He declined to say how much the re-branding cost.
9mobile has 20 million subscribers, making it the country’s number four mobile operator with a 14 percent market share. South Africa’s MTN has 47 percent, Globacom 20 percent and Airtel – a subsidiary of India’s Bharti Airtel – 19 percent.
Etisalat Nigeria had been in talks with its lenders to restructure a $1.2 billion debt after it missed repayments, but the discussions failed to produce a deal, forcing the banks to step in and order shareholders to transfer their shares to a loan trustee.
Lenders have now taken control and appointed a new team to manage the company with a focus on getting it back to profitability while working to eventually raise new capital.
“If at any point in time someone does come in with an offer that is attractive then that person will have the right to do whatever they want to do with the brand,” Olusanya said.
The telecoms regulator, Nigerian Communications Commission (NCC) approved the brand name change on Tuesday.

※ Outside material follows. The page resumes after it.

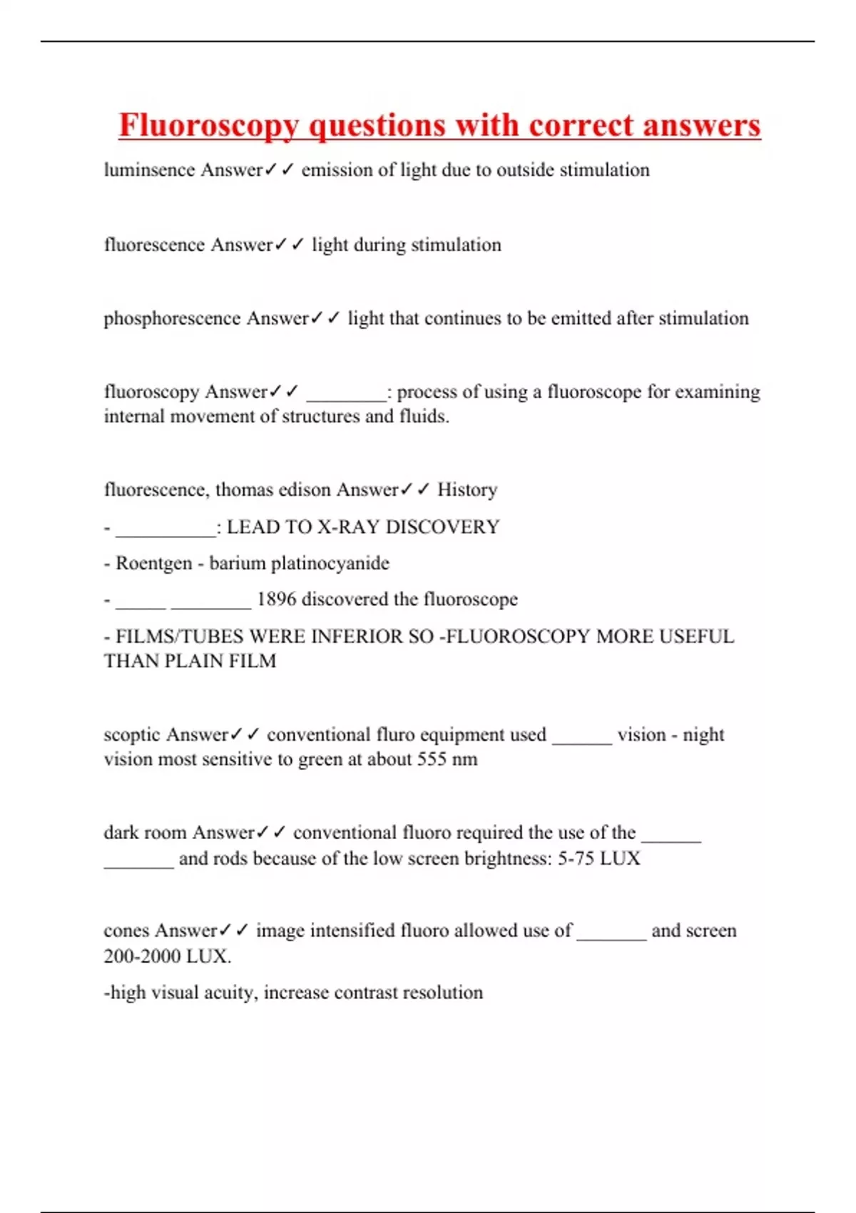 luminsence Answer emission of light due to outside stimulation fluorescence Answer light during stimulation phosphorescence Answer light that continues to be emitted after stimulation fluoroscopy Answer ________: process of using a fluoroscope for examining internal movement of structures and fluids. fluorescence, thomas edison Answer History - __________: LEAD TO X-RAY DISCOVERY - Roentgen - barium platinocyanide - _____ ________ 1896 discovered the fluoroscope - FILMS/TUBES WERE INFERIOR SO -FLUOROSCOPY MORE USEFUL THAN PLAIN FILM scoptic Answer conventional fluro equipment used ______ vision - night vision most sensitive to green at about 555 nm dark room Answer conventional fluoro required the use of the ______ _______ and rods because of the low screen brightness: 5-75 LUX cones Answer image intensified fluoro allowed use of _______ and screen 200-2000 LUX.

Under Nigeria’s telecoms law, the regulator has to also approve a transfer of telecoms licences or any new investor in a telecoms company with more than 10 percent of the shares.
NCC spokesman Tony Ojobo told Reuters that the brand name change did not affect the terms of the license which was granted to a Nigerian entity known as Emerging Markets Telecommunication Services (EMTS). He said it was a change to its trading name.